### DESCRIPTION OF THE TASK:
In the entries that follow, locate the line with "8. Завершіть манікюр, нанесіть", then restate that line and all later lines exactly as they appear, leaving pictures out.
────────────────
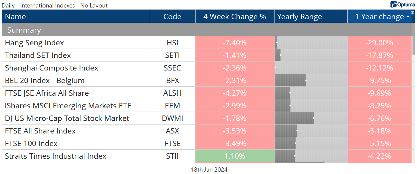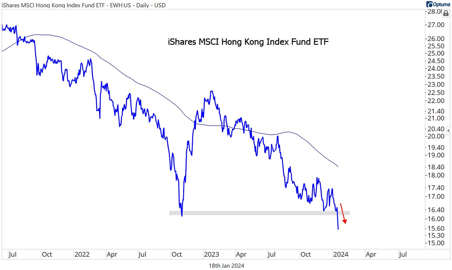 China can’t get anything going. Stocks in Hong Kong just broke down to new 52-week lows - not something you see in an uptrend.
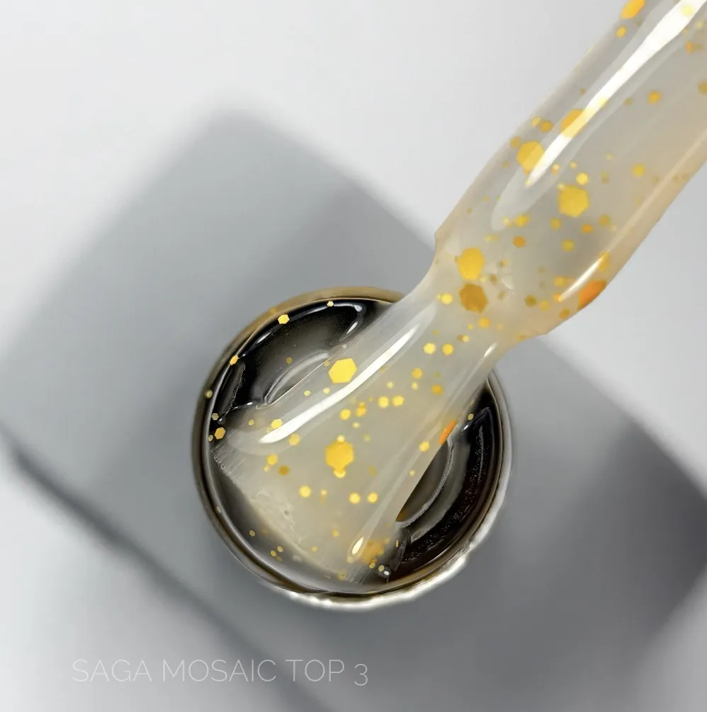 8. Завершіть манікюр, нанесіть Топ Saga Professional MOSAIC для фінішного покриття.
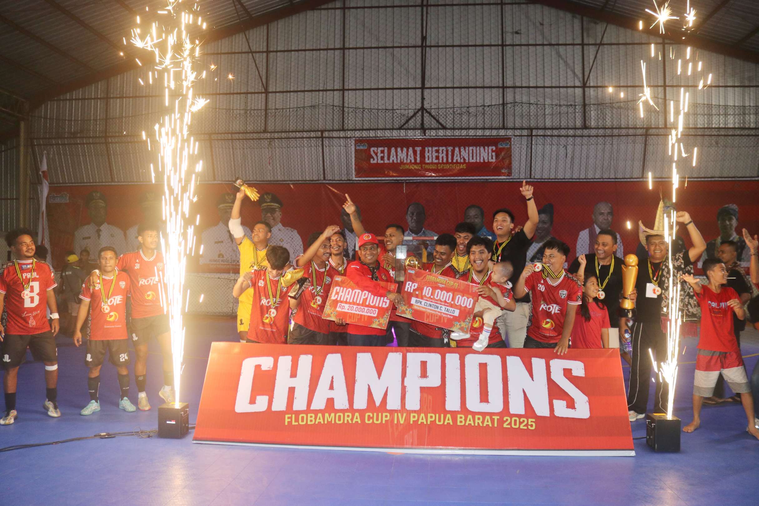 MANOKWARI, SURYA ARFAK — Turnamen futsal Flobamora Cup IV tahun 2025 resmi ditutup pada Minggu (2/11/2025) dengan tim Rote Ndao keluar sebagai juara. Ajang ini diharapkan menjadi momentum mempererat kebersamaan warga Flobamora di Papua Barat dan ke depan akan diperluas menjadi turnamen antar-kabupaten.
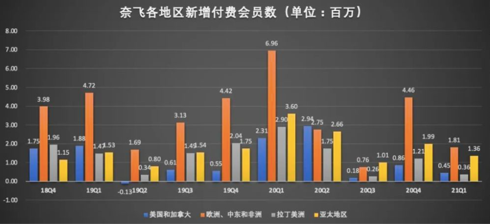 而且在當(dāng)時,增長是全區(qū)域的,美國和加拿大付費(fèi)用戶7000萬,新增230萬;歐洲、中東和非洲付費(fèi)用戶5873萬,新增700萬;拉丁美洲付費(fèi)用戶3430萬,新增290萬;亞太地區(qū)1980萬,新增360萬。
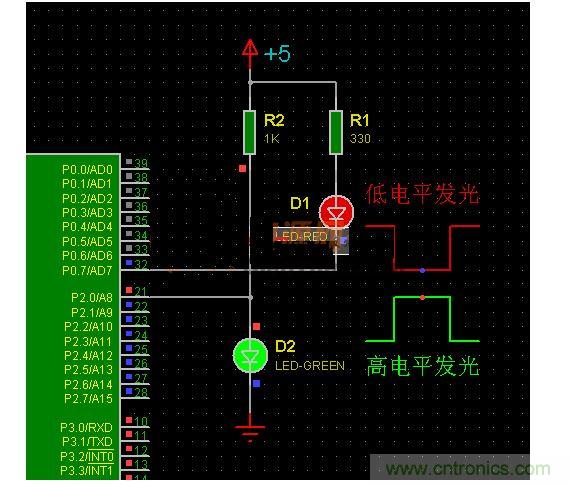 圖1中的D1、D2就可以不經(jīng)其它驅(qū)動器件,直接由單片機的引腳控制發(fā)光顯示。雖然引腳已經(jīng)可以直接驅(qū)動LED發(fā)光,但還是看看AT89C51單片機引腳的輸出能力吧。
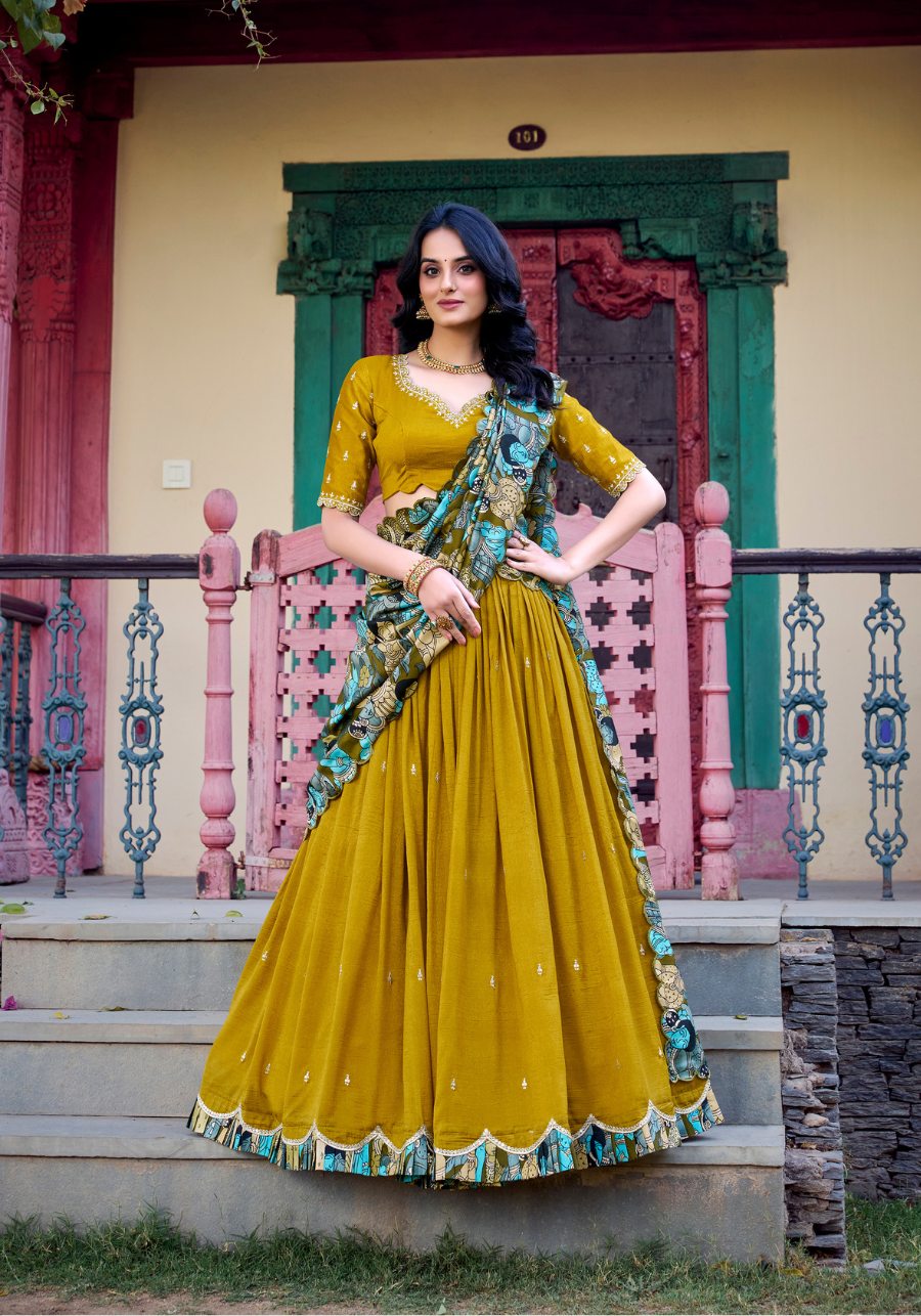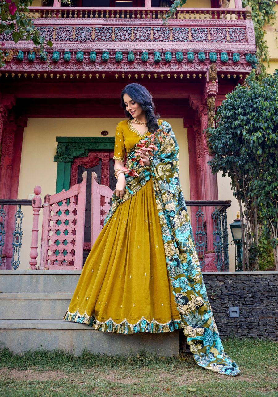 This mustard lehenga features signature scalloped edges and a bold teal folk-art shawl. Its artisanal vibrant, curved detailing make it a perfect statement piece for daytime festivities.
────────────────
### RESULT:
 8. Завершіть манікюр, нанесіть Топ Saga Professional MOSAIC для фінішного покриття.
 MANOKWARI, SURYA ARFAK — Turnamen futsal Flobamora Cup IV tahun 2025 resmi ditutup pada Minggu (2/11/2025) dengan tim Rote Ndao keluar sebagai juara. Ajang ini diharapkan menjadi momentum mempererat kebersamaan warga Flobamora di Papua Barat dan ke depan akan diperluas menjadi turnamen antar-kabupaten.
 而且在當(dāng)時,增長是全區(qū)域的,美國和加拿大付費(fèi)用戶7000萬,新增230萬;歐洲、中東和非洲付費(fèi)用戶5873萬,新增700萬;拉丁美洲付費(fèi)用戶3430萬,新增290萬;亞太地區(qū)1980萬,新增360萬。
 圖1中的D1、D2就可以不經(jīng)其它驅(qū)動器件,直接由單片機的引腳控制發(fā)光顯示。雖然引腳已經(jīng)可以直接驅(qū)動LED發(fā)光,但還是看看AT89C51單片機引腳的輸出能力吧。
 This mustard lehenga features signature scalloped edges and a bold teal folk-art shawl. Its artisanal vibrant, curved detailing make it a perfect statement piece for daytime festivities.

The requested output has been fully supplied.